Both hints and plan guides are by no means best practices, rather it is good practice to omit hints and these guides, because the distribution of data can change, data types can change and a million more things can happen, due to which your queries with hints will work worse than without them, and in some cases will stop working altogether. You must be one hundred percent aware of what you are doing and why.



Now a small explanation of why I even got into this.



I have a wide table with a bunch of nvarchar fields of different sizes - from 10 to max. And there are a bunch of queries to this table, which CHARINDEX searches for occurrences of substrings in one or more of these columns. For example, there is a request that looks like this:



SELECT *
FROM table
WHERE CHARINDEX(N' ', column)>1
ORDER BY ROW_NUMBER() OVER (ORDER BY Id DESC)
OFFSET x ROWS FETCH NEXT y ROWS ONLY


The table has a clustered index on Id and a non-unique non-clustered index on column. As you yourself understand, there is zero sense from all this, since in WHERE we use CHARINDEX, which is definitely not SARGable.

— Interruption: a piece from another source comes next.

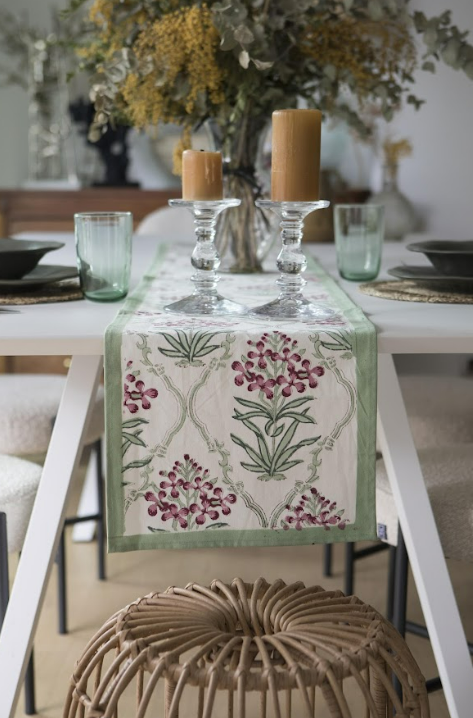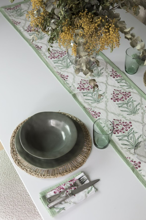 Este camino de mesa con estampado en forma de orquídea está inspirado en la naturaleza, evocando sensaciones de inspiración y contemplación. Los colores brillantes y clásicos del diseño hacen que sea perfecto para salones pequeños, ya que ayuda a crear la sensación de amplitud y luminosidad.

To avoid potential problems with the SB, I will simulate this situation on the open database StackOverflow2013, which can be found here .



Consider the dbo.Posts table, which has only a clustered index by Id and a query like this:



SELECT *
FROM dbo.Posts
WHERE CHARINDEX (N'Data', Title) > 1
ORDER BY ROW_NUMBER() OVER (ORDER BY Id DESC)
OFFSET 0 ROWS FETCH NEXT 25 ROWS ONLY


To match my real database, I create an index on the Title column:



CREATE INDEX ix_Title ON dbo.Posts (Title);


As a result, of course, we get an absolutely logical execution plan, which consists of scanning the clustered index in the opposite direction:











And it, admittedly, is performed quite well:

Table 'Posts'. Scan count 1, logical reads 516, physical reads 0, read-ahead reads 0, lob logical reads 0, lob physical reads 0, lob read-ahead reads 0.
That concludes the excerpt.